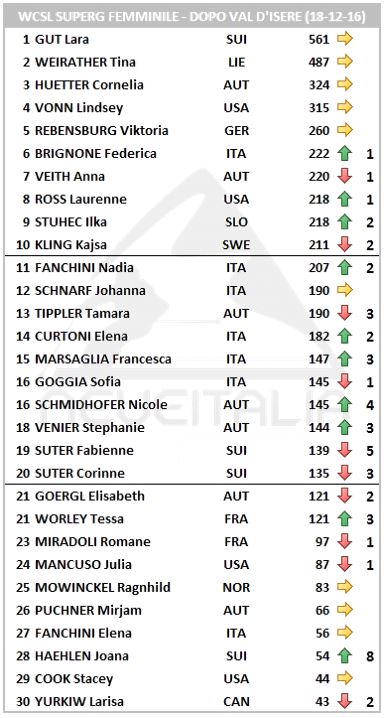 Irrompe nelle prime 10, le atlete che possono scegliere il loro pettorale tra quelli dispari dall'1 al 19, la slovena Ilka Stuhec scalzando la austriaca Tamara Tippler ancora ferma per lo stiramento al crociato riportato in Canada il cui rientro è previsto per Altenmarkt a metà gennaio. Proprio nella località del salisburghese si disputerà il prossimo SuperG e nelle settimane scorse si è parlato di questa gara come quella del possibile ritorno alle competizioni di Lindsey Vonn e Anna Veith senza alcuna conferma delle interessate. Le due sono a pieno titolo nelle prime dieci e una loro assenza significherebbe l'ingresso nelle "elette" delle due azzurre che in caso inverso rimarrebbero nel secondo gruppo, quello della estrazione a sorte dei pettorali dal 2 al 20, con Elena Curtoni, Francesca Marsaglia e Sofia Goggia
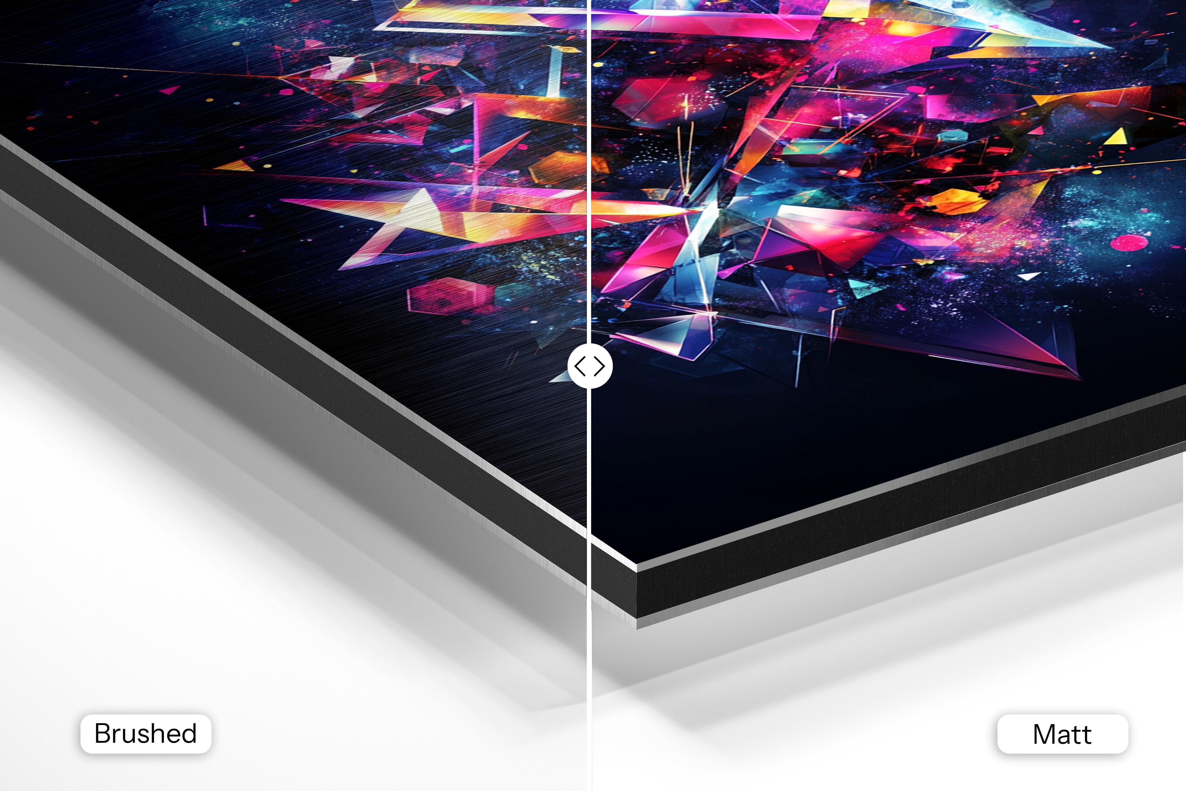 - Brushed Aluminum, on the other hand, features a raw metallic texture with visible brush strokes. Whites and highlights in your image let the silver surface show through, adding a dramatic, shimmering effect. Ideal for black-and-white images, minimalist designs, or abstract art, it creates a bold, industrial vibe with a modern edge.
* * * * * * * * *
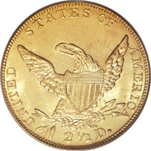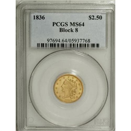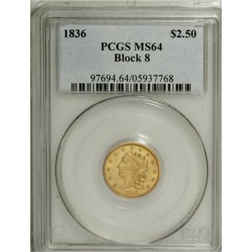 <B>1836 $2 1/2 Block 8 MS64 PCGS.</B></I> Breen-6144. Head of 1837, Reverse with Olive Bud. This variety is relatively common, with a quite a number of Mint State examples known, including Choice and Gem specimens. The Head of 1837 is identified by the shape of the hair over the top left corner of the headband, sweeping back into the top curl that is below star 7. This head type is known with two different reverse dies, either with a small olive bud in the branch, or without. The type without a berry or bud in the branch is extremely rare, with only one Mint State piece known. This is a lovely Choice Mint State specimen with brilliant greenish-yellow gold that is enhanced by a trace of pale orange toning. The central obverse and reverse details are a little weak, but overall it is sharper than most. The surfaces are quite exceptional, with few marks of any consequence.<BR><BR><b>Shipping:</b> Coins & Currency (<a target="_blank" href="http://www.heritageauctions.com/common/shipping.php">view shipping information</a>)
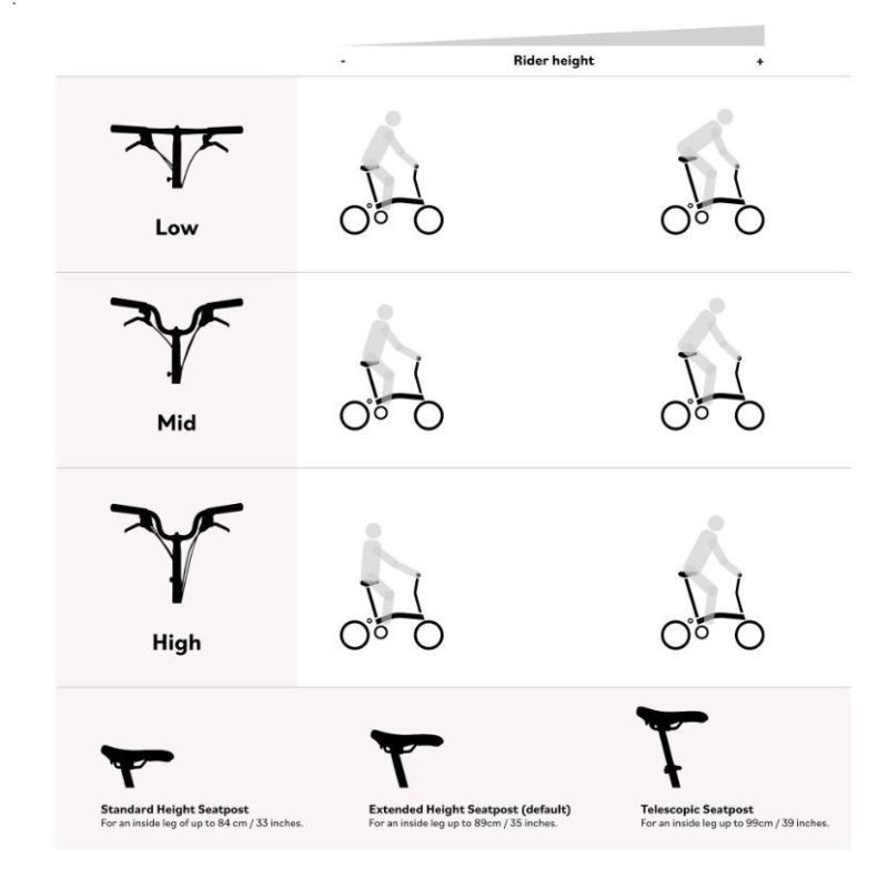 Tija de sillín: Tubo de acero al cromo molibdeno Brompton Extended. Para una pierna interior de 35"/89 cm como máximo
* * * * * * * * *
Task item |
Above are the records. Copy only the lines from the one with "<B>1836 $2 1/2" through the one with "Tija de sillín: Tubo", exactly, with no pictures.

Expected answer |
 <B>1836 $2 1/2 Block 8 MS64 PCGS.</B></I> Breen-6144. Head of 1837, Reverse with Olive Bud. This variety is relatively common, with a quite a number of Mint State examples known, including Choice and Gem specimens. The Head of 1837 is identified by the shape of the hair over the top left corner of the headband, sweeping back into the top curl that is below star 7. This head type is known with two different reverse dies, either with a small olive bud in the branch, or without. The type without a berry or bud in the branch is extremely rare, with only one Mint State piece known. This is a lovely Choice Mint State specimen with brilliant greenish-yellow gold that is enhanced by a trace of pale orange toning. The central obverse and reverse details are a little weak, but overall it is sharper than most. The surfaces are quite exceptional, with few marks of any consequence.<BR><BR><b>Shipping:</b> Coins & Currency (<a target="_blank" href="http://www.heritageauctions.com/common/shipping.php">view shipping information</a>)
 Tija de sillín: Tubo de acero al cromo molibdeno Brompton Extended. Para una pierna interior de 35"/89 cm como máximo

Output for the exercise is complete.